Usage Guide

This page shows practical, copy-paste templates for using SmartML correctly.

All examples reflect the actual SmartEco.SmartML API and recommended workflows.

Installing SmartML

pip install SmartEco

Importing SmartML

SmartML is exposed through the SmartEco package.

from SmartEco.SmartML import load_dataset, run_training, SmartML_Inspect

Inspect Available Models

SmartML_Inspect()

This will show:

Available classification models
Available regression models
Disabled models due to missing dependencies
Unavailable models are automatically excluded during execution.

Using OpenML Datasets

SmartML can load datasets directly from OpenML.

X, y = load_dataset(
    openml_id=562,
    target="usr",
    subset=None,
)

print(f"Dataset loaded: X={X.shape}, y={y.shape}")

OpenML datasets are treated the same as CSV datasets after loading.

Using Local CSV Datasets

SmartML supports standard CSV files.

X, y = load_dataset(
    csv_path="data/dataset.csv",
    target="label",
)

CSV and OpenML datasets follow the same internal pipeline.

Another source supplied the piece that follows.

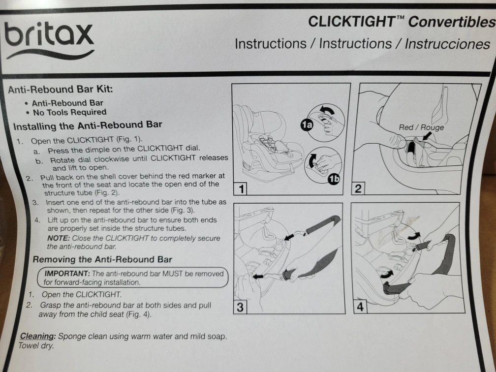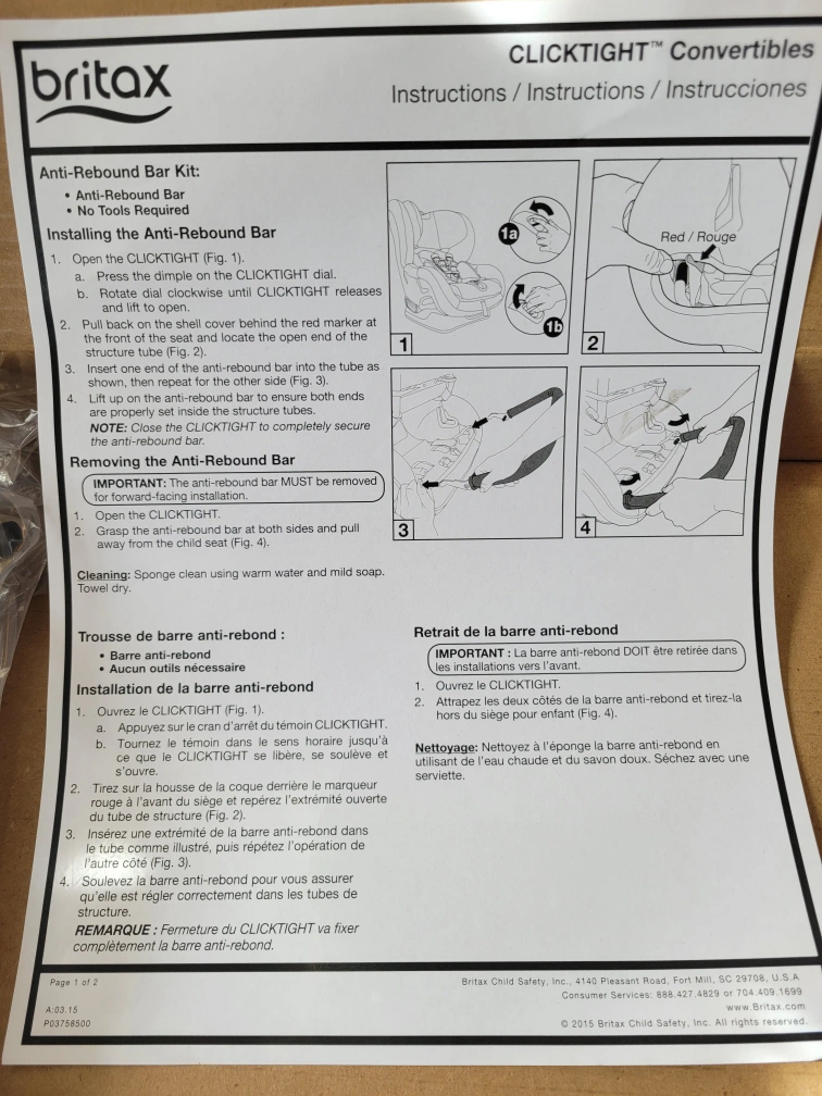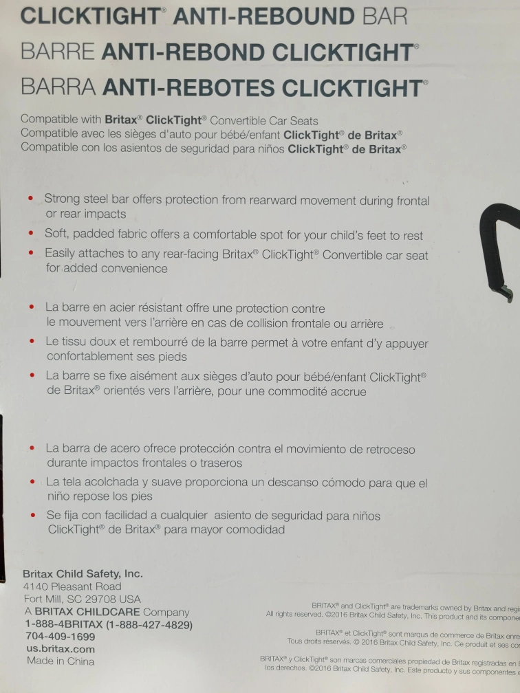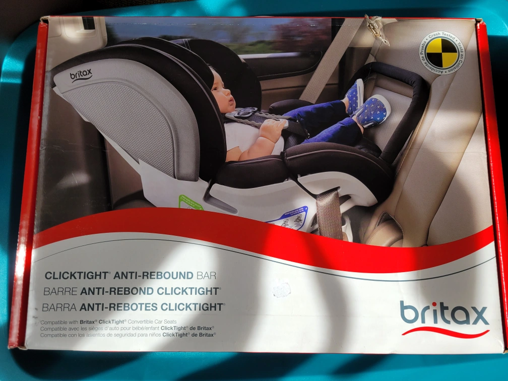 Brand new, never used Britax ClickTight anti-rebound bar. Compatible with select Britax car seats. Offers protection from rearward movement during frontal impacts. Includes soft padded fabric. Easy attachment. two available

Subsampling Large Datasets

For large datasets, subsampling can be used to get quick baseline results.

X, y = load_dataset(
    csv_path="data/large_dataset.csv",
    target="label",
    subset=50000,
)

Selecting Specific Models

Run Only Selected Models

results = run_training(
    X_df=X,
    y_ser=y,
    task="classification",
    models=[
        "random_forest",
        "xgboost",
        "lightgbm",
        "smartknn",
    ],
)

Exclude Models

results = run_training(
    X_df=X,
    y_ser=y,
    task="regression",
    exclude=[
        "svr",
        "knn",
    ],
)

Model names are:

Case-insensitive
Normalized internally
Task-specific

Sorting Results

SmartML does not auto-sort results.

Classification

results.sort_values("macro_f1", ascending=False)

Regression

results.sort_values("r2", ascending=False)

Full Code

from SmartEco.SmartML import load_dataset, run_training, SmartML_Inspect

SmartML_Inspect()


X, y = load_dataset(
    openml_id=562,
    target="usr",
    subset=None,
)

print(f"Dataset loaded: X={X.shape}, y={y.shape}")


results = run_training(
    X_df=X,
    y_ser=y,
    task="regression",
    exclude=[
        "tabnet",
        "nam",
    ],
    output_csv="results/benchmark.csv",
)

print(
    results.sort_values(
        "r2",
        ascending=False,
    )
)

Important Notes

SmartML does not validate task–dataset correctness
Wrong task selection will produce misleading results
SmartML is not a production pipeline
Benchmarks are dataset-specific